- TASK REQUIREMENTS
Only the pictures are to be left out; please reproduce everything else in the data exactly.

========================================================================

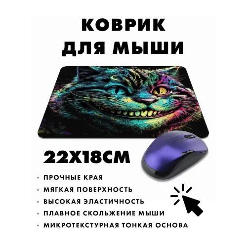Коврик для мыши с изображением Чеширского кота — это не только практичный аксессуар, но и стильный элемент рабочего пространства. Он выполнен из прорезиненного материала, обеспечивающего отличное сцепление с поверхностью стола и комфорт при использовании.
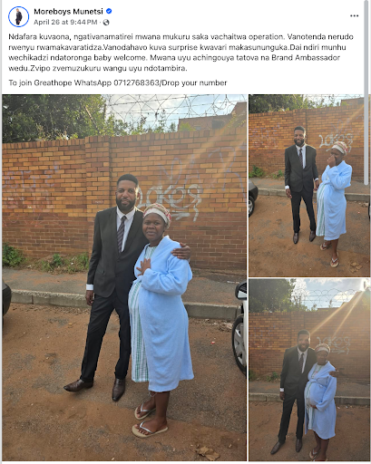 Through his Facebook post, the Founder of Great Hope Insurance, Moreboys Munetsi, reached out to his followers to help locate the pregnant woman, Melissa Munamati. He said “Ndokumbirawo kuti pane anokwanisa kuwana ma contact emudzimai uyu. Zvirikuita kunge vashandi vepachipatara. Chikumbiro changu ngatizamei kumubatsira as soon as possible.
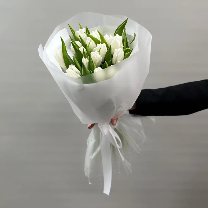 Букет из 15 белых тюльпанов
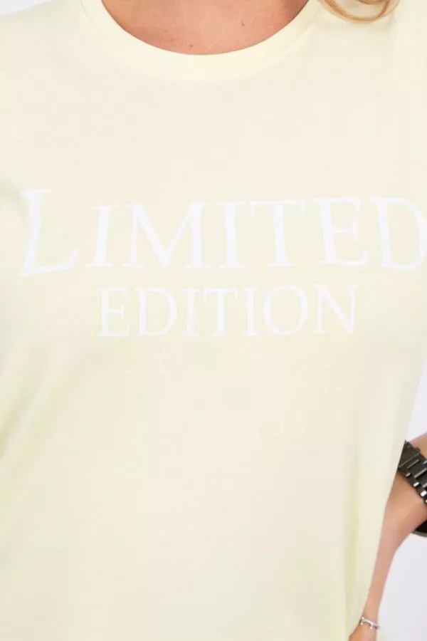 Va prezentam o bluza confortabila cu imprimeu. Imprimati cu cuvintele Editie limitata. Bluza cu maneca scurta suflata. Bluza este confectionata din material de inalta calitate. Marimea este universala si va fi potrivita pentru doamnele care poarta marimile S, M sau L.
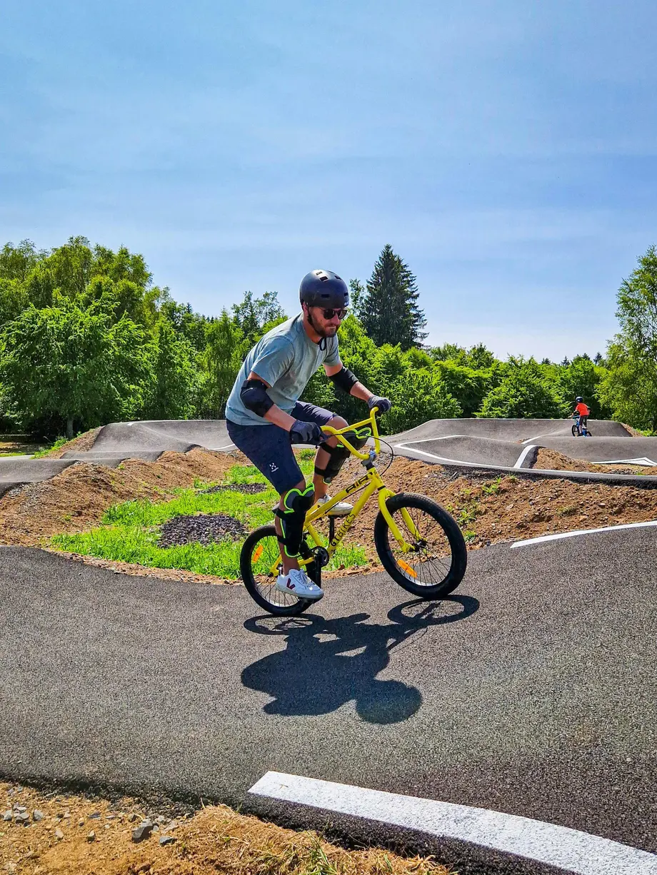Une personne utilise un vélo BMX jaune sur une piste de pompage dans un parc ensoleillé, en portant un casque et un équipement de protection.

========================================================================

- TASK SOLUTION
Коврик для мыши с изображением Чеширского кота — это не только практичный аксессуар, но и стильный элемент рабочего пространства. Он выполнен из прорезиненного материала, обеспечивающего отличное сцепление с поверхностью стола и комфорт при использовании.
 Through his Facebook post, the Founder of Great Hope Insurance, Moreboys Munetsi, reached out to his followers to help locate the pregnant woman, Melissa Munamati. He said “Ndokumbirawo kuti pane anokwanisa kuwana ma contact emudzimai uyu. Zvirikuita kunge vashandi vepachipatara. Chikumbiro changu ngatizamei kumubatsira as soon as possible.
 Букет из 15 белых тюльпанов
 Va prezentam o bluza confortabila cu imprimeu. Imprimati cu cuvintele Editie limitata. Bluza cu maneca scurta suflata. Bluza este confectionata din material de inalta calitate. Marimea este universala si va fi potrivita pentru doamnele care poarta marimile S, M sau L.
Une personne utilise un vélo BMX jaune sur une piste de pompage dans un parc ensoleillé, en portant un casque et un équipement de protection.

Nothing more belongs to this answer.